Perhaps some people estranged from the conventional become good
writers. Building on his autobiographical foundation, Thomese excels at
pursuing results from a given action, speech, or mere illusion. In the
process, Herman's adolescence causes the reader to reminisce,
possibly even to identify with his experiences. Flowing Proustian
introspection captures reflections and basic attitudes, including the
frustration born of being left behind and isolated as an apathetic,
inane late-teenager non-plussed by sexual urges. The youth's
passive skepticism and habitual retreat into flights of imagination are
constants: "Herman's skull, that poor, small skull, was
already so full of things it did not comprehend. Rules had been drafted
of which he had no knowledge. Everyone had been given a mission except
for him. They knew, while he had only suppositions."
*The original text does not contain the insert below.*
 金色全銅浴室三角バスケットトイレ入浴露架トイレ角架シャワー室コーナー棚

After an unsuccessful attempt at becoming a painter, Herman
reluctantly moves in with another high-school classmate, a youth who
"turned away from the world because he could not endure
himself." Vegetating in the filthy disorder of a garret, he spends
days on end replaying the chess matches of such champions as Capablanca,
Alekhine, and Fischer. Eventually he takes on a paper route and later a
temporary job as a bicycle courier. Failing to realize that he is going
nowhere, he continues to wander expectantly still in daydreams.
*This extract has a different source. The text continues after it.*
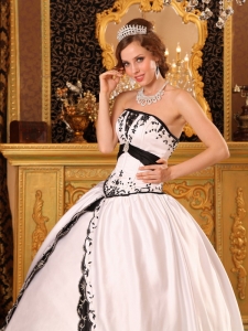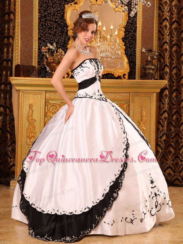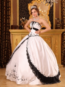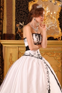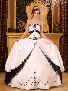 White and Black Quinceanera Gowns Dresses Embroidery

The thirty-seven-year-old Thomese fashions language that is both
disciplined and exact, including such foreign borrowings as Taugenichts,
voila, booby-trap, and schlemiel. His scenes are sufficiently developed
to introduce each of the eight significant characters, all of them
carefully wrought. Physical actions are described with attentive yet
light precision that engages the reader. Along the way, this basically
sad subject allows humorous or ironic passages and even contributes a
practical, hip guidance out of existentialist philosophy. The
publisher's choice of firm, bright paper and a sharp typeface, as
well as the hauntingly pertinent cover art by Evelien Nijeboer,
facilitates one's patience with Herman's foibles and his
pitiable adolescent struggles.
Henri Kops Fort Bragg, Ca.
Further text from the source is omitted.